Greg, a Birmingham, Ala. father who declined to give his last name, told Moneyish that his 9-year-old daughter (also a Girl Scout) is excited to join Scouts BSA; folks are just afraid of change. “A lot of people still see making things coed as ‘girling’ everything down. My daughter played baseball a couple of years ago with the boys, and I don’t recall any of them being irreparably harmed because they had a girl on the team,” he said. “Everything changes, and not all change is bad. The vitriol that people have about it is just mind-boggling to me.”
Still others are worried about coed camping trips leading to sexual misconduct, with some Tweeters cracking wise about kids earning “birth control merit badges,” since the rules of how girls will be integrated into the Boy Scouts are still unclear for many. The younger Cub Scouts do have the option of being in same-sex packs or in coed packs. But older scouts will be in separate all-boy and all-girl troops, which will come together for some shared activities, such as family cookouts. All-boy and all-girl troops can also be linked together to work together on projects and events.
But a BSA spokeswoman told Moneyish that the all-girls Boy Scout troops will differ from the Girl Scouts. “This is our own program. We appreciate that there are other programs — Girl Scouts, Camp Fire and a lot of other activities that are related to the outdoors — and we all build character and leadership skills, but we all do it in a slightly different way,” she said. And opening the Boy Scouts to girls, “is just another option for families to consider.”
But now the Girl Scouts is competing with its male counterpart for some of the same recruits. And both the Boy Scouts and the Girl Scouts have seen membership shrink. The Boy Scouts’ youth participation is about 2.3 million, down from 2.6 million in 2013, and more than 4 million in peak years. The Girl Scouts have about 1.76 million girls, down from just over 2 million in 2014.

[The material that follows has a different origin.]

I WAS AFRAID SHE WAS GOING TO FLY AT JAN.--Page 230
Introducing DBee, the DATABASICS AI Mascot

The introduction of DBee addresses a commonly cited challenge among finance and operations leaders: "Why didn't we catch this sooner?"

So the Girl Scouts is shaking things up by creating 23 new badges that focus on STEM achievements and outdoor activities, and introducing a Girl Scout Ranger Program with the National Park Service. It also retaliated to the Boy Scouts’ name-change announcement this week with a blog post entitled, “No Contest: Girl Scouts is the BEST Leadership Organization for Girls,” citing research that girls learn best in all-girl, girl-led, and girl-friendly environments.

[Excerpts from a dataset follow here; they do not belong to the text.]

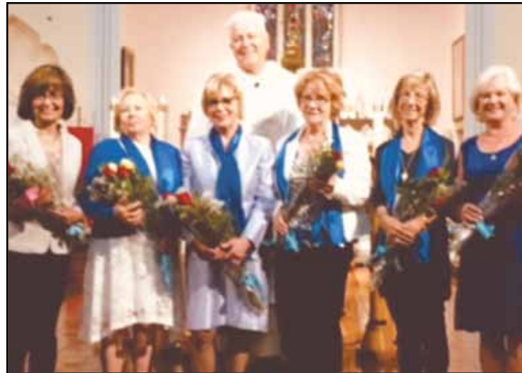
The Executive Board of the Women's Guild of Our Lady of Perpetual Help Church was installed at Mass on May 18.

Items have opening bids from $5-$7 and are on display in the library lobby. Bids can be made through noon, Saturday, June 30th, on cards in the Friend's Bookstore located in the young adult section of the library.
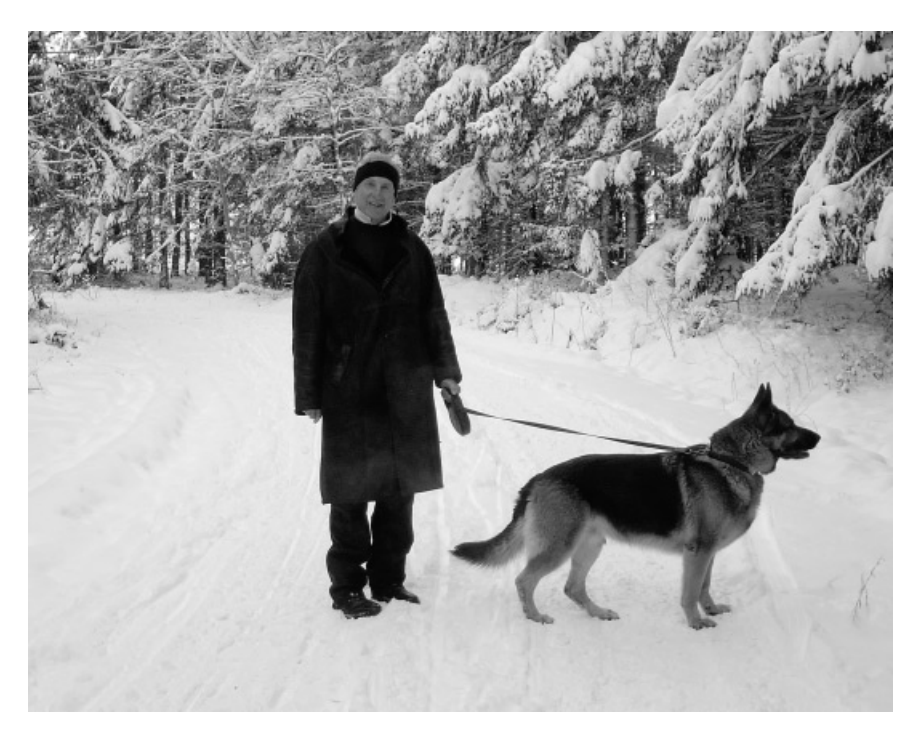
Master and dog (or vice versa?).

I had come to Vienna in 1978 with great hopes. At the end of the 1960s and in the 1970s there was quite some optimism in Austria (and also in Germany) that it would be possible to close the gap to the leading institutions worldwide. For a number of reasons this did not happen, however. One reason is that in the 1970s the so-called process of democratization of universities was given priority over efficiency in research. There is no simple answer to the question of why I stayed on in Vienna and did not move to Munich. A partial answer perhaps is that Austria is a beautiful country and that the quality of life (outside of the academic sector) is high. Furthermore, the situation at the School of Math-
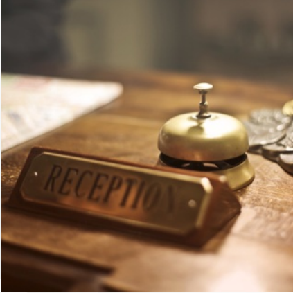
Hotels / Motels
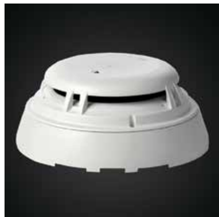
I.S. SMOKE AND HEAT DETECTION
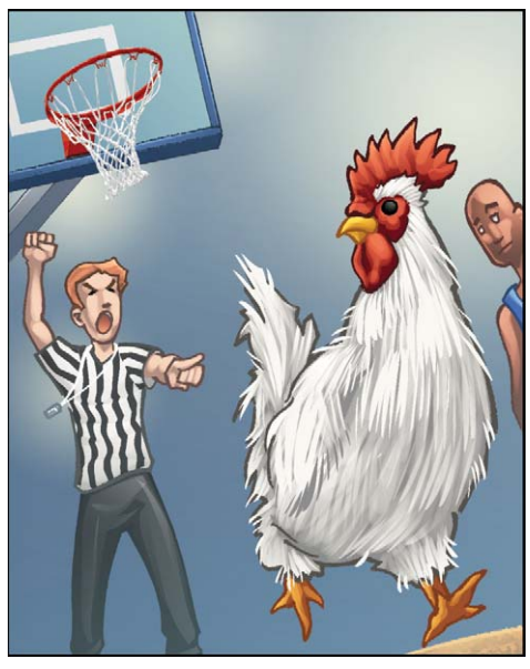
A: Because the referee called a fowl!

Q: Why did the chicken cross the basketball court?
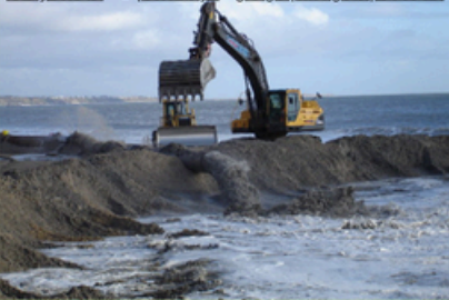
Beach refurbishment at Branksome Chine beach
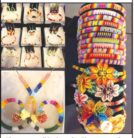
If you are still looking for Christmas gift ideas, go check out some of the custom beadwork available at Hey Hey Girl Beads & Creations! (You can view some merch on their Facebook page: Hey Hey Girl Beads & Creations)
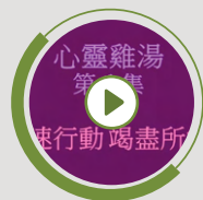
8 th episode (Part 1): 迅速行動 竭盡所能
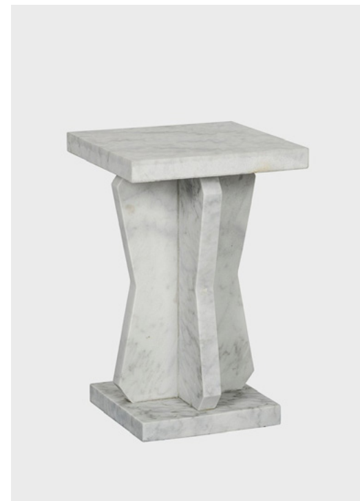
VASCO SIDE TABLE ©
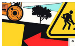
SASEC NEWS CONNECTIVITY TO HELP BBIN FACE POST-COVID SHOCKS
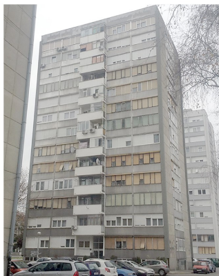
Multi-apartment building before energy renovation

In the City of Zagreb, a total of 78 multi-apartment buildings will be renovated, for which the total amount of energy renovation investment exceeds HRK 194 million, out of which grants from the the European Fund for Regional Development exceed HRK 107 million.
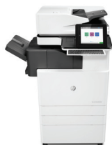
Inner finisher (Y1G00A) 3

The following accessories are compatible with the HP LaserJet Managed MFP E72425, MFP E72430, MFP E72525, MFP E72530, MFP E72535, MFP E82540, MFP E82550, MFP E82560; HP Color LaserJet Managed MFP E77422, MFP E77428, MFP E77822, MFP E77825, MFP E77830, MFP E87640, MFP E87650, and MFP E87660.
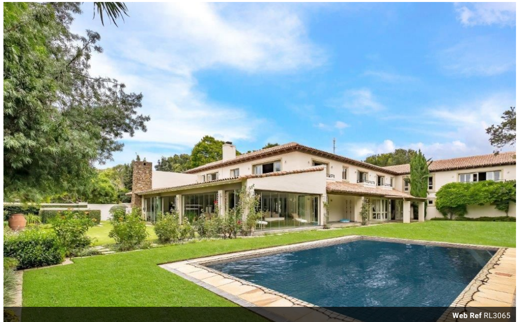
Web Ref RL3065

5 Somerset Office Park 5 Libertas Road Bryanston 2021

— Girl Scouts (@girlscouts) May 3, 2018
“Girl Scouts is the premier leadership development organization for girls,” Sylvia Acevedo, CEO of Girl Scouts of the USA, responded to Moneyish in a statement. “We are, and will remain, the first choice for girls and parents who want to provide their girls opportunities to build new skills, explore STEM and the outdoors, participate in community projects, and grow into happy, successful, civically engaged adults.”
But the Boy Scouts and Girl Scouts don’t have to be mutually exclusive. Alexandra and Zoey still plan to suit up in their Girl Scout uniforms as well as for Scout BSA. These smart cookies realize they can get the best of both worlds.
“You get to have more experiences, and it’s more fun,” said Alexandra. “I do Girl Scouts and Boy Scouts and clubs at school.”
“I want to do both,” agreed Zoey. “Unless they’re [meeting] on the same day. Then I would probably try to choose Girl Scouts.”